What this task involves →
If a line includes the word "waist", it belongs in the count; state the total for the data below and add nothing.

The data →
++++++++++

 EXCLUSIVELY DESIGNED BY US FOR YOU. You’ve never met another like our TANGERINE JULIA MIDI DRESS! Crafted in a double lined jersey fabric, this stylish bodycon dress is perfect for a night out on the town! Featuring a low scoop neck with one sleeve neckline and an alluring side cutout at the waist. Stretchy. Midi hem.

++++++++++

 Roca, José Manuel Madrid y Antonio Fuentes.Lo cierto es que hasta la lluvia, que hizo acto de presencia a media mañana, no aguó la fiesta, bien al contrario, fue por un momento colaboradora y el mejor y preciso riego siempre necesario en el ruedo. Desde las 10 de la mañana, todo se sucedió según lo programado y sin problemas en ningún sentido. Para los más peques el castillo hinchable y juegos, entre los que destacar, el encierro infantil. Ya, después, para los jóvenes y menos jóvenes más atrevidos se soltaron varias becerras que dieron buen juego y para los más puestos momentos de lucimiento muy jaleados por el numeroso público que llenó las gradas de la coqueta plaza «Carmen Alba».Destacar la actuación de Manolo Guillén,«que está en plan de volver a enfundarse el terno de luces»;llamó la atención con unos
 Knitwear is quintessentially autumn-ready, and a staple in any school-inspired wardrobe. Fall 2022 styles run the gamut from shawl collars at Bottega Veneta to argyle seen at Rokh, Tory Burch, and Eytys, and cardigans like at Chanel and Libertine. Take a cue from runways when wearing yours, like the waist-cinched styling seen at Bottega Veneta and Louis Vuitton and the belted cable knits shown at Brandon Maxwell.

++++++++++

Written response →
2